HRW accused the NLD government of “using the discriminatory 1982 Citizenship Law and the Election Law to disenfranchise Rohingya and prevent them from running for office, even though most Rohingya families have lived in Myanmar for generations, Human Rights Watch said. Many Rohingya were hopeful that after the 2015 elections, NLD leader Aung San Suu Kyi would change these laws and policies. Instead, the NLD has supported the military as it carried out ethnic cleansing, crimes against humanity, and possible genocide against the Rohingya in Rakhine State.”

HRW said the use of the 1982 Citizen Law makes sure “none of the one million Rohingya refugees in Bangladesh and another several hundred thousand dispersed in other countries will be allowed to vote.

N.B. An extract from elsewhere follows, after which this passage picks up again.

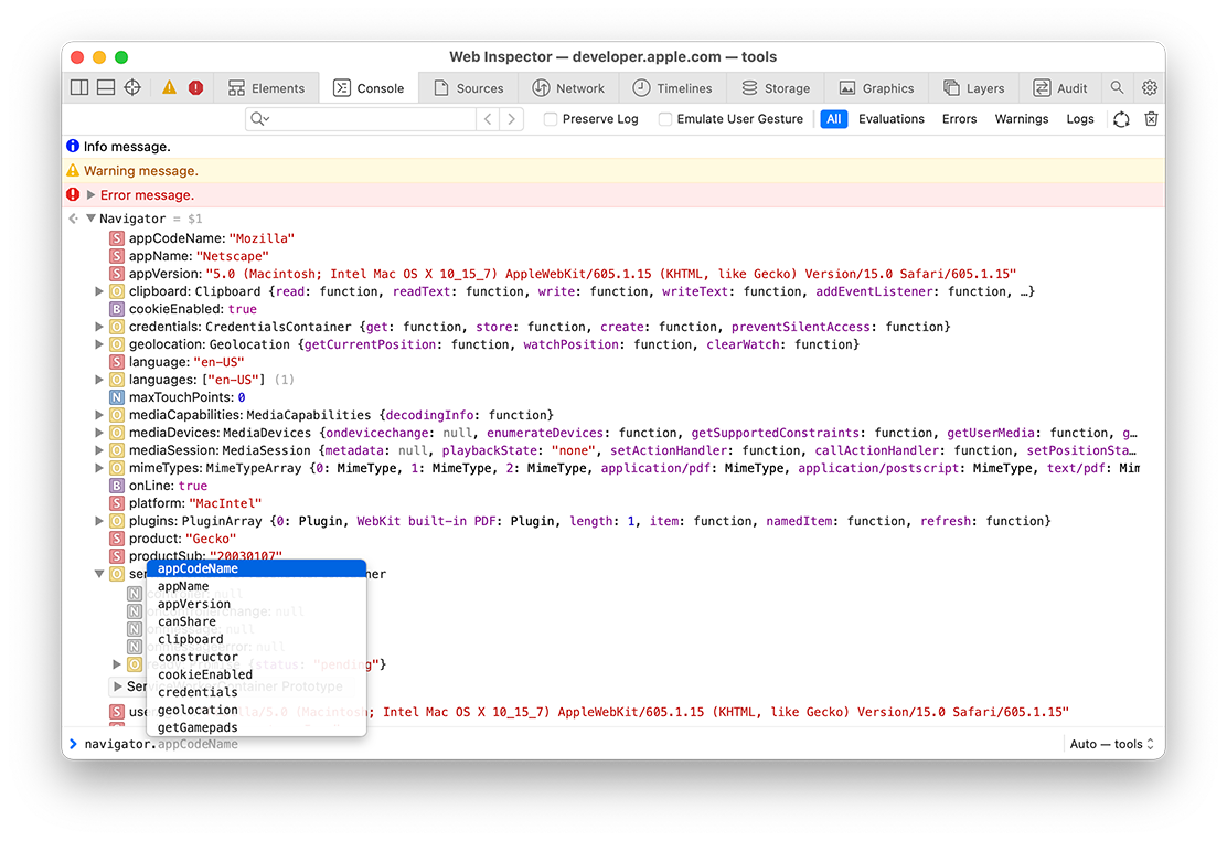 Console. Type JavaScript commands in the console to interactively debug, modify, and get information about your webpage. View logs, errors, and warnings emitted from a webpage, so you can identify issues fast and resolve them right away.

The authorities have barred most Rohingya remaining in Myanmar, estimated at 600,000, from registering to vote in the election. This includes approximately 130,000 Rohingya detained in camps in central Rakhine State since 2012, where they endure the crimes against humanity of persecution and apartheid and other serious rights abuses. Voter lists, posted around the country in July and August, are absent from Rohingya camps and villages.”

Saw Honest, a leader at Mae La Refugee Camp on the Thai Burma border said he is hoping the 2020 election delivers more for ethnic people.

“A new government after the 2020 election, needs to make changes to the 2008 Constitution, so that other changes in the country can be made. We hope we have a government that stands for the people and brings development to the country. Most importantly, it needs to be a government that recognizes the rights and equality of ethnic nationalities.”

The 80,000 people in the nine refugee camps on the Thai Burma border have seen their rations, access to education and health shredded below sustainably levels. Civilians trapped in the camp accuse the NLD of failing to accept its share of the responsibility to repatriate refugees with dignity.

Naw Eh Paw a refugee, living at Mae La camp said.

“Everyone wants leaders that love the people, but we also want a government who can make sure the country is govern peacefully. We don’t want a government that oppresses the people. We want [a new government] to make sure they have responsible plans for us who are caught in refugee camps. We want to live in peace, we don’t want more war or conflict. We want to have our lives back.”

Like most ethnic people interviewed for this story Naw Ka Nyaw Paw, Secretary, Karen Women Organization said the previous election win for the NLD brought little in the way of democratic reforms for ethnic people.

“The NLD came into power but they couldn’t bring any major changes. Furthermore, this government didn’t speak out against the abuses and violations against our ethnic nationalities. The next government needs to work together with ethnic revolutionary groups to oppose the military dictatorship. We don’t want to see a repeat where the government take sides with the military, stands with the military and protects the military.”